**TRY IT:**
In the listing below, the lines starting with the line with "bar or restaurant." and going on through the line with "139㎡:四房两厅两卫,三开间朝南,约10米面宽,带环幕采光" are to be reproduced exactly, and only those.

**RECORDS FOR THE EXERCISE:**
* * * * * * *

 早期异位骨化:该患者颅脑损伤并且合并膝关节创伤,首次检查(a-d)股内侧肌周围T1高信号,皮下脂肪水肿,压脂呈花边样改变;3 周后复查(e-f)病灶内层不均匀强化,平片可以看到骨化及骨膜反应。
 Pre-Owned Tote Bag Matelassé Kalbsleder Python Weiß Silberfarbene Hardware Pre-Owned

* * * * * * *

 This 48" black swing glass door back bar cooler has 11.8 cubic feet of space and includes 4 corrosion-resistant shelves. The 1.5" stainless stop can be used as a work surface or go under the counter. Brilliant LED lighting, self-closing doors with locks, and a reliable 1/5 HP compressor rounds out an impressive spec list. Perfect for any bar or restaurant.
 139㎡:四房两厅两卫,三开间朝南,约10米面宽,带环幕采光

* * * * * * *

**COMPLETED EXERCISE:**
 This 48" black swing glass door back bar cooler has 11.8 cubic feet of space and includes 4 corrosion-resistant shelves. The 1.5" stainless stop can be used as a work surface or go under the counter. Brilliant LED lighting, self-closing doors with locks, and a reliable 1/5 HP compressor rounds out an impressive spec list. Perfect for any bar or restaurant.
 139㎡:四房两厅两卫,三开间朝南,约10米面宽,带环幕采光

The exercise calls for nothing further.